§ WHAT IS BEING ASKED
An exact repetition of the data is required; no picture should appear in it.

§ COLLECTED MATERIAL

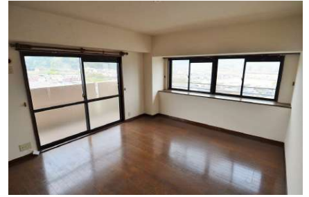
[専用部・室内写真][洋室]2面採光の明るい室内！
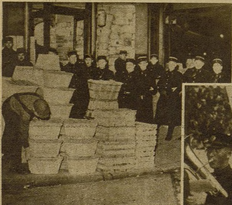
Huelga en el mercado parisino. Los trabajadores unen a las consignas de reivindicación las de solidaridad con el pueblo español. ¡Ese es el camino para salvar la democracia mundial!
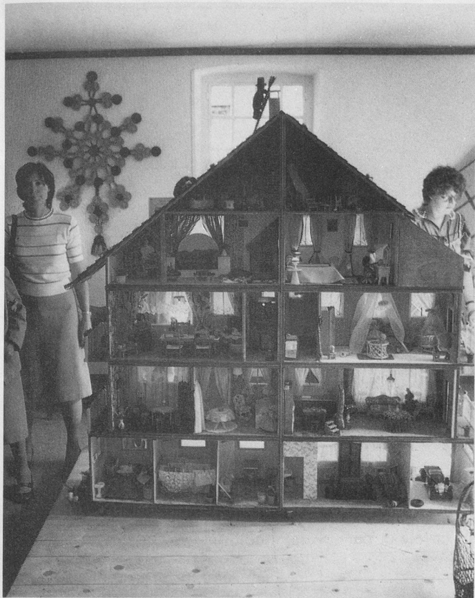
Cette maison de poupée contient tout ce qui est nécessaire au bonheur de ses habitants, jusque dans les plus petits détails. Un chef-d'œuvre.

§ RESPONSE AREA
[専用部・室内写真][洋室]2面採光の明るい室内！
Huelga en el mercado parisino. Los trabajadores unen a las consignas de reivindicación las de solidaridad con el pueblo español. ¡Ese es el camino para salvar la democracia mundial!
Cette maison de poupée contient tout ce qui est nécessaire au bonheur de ses habitants, jusque dans les plus petits détails. Un chef-d'œuvre.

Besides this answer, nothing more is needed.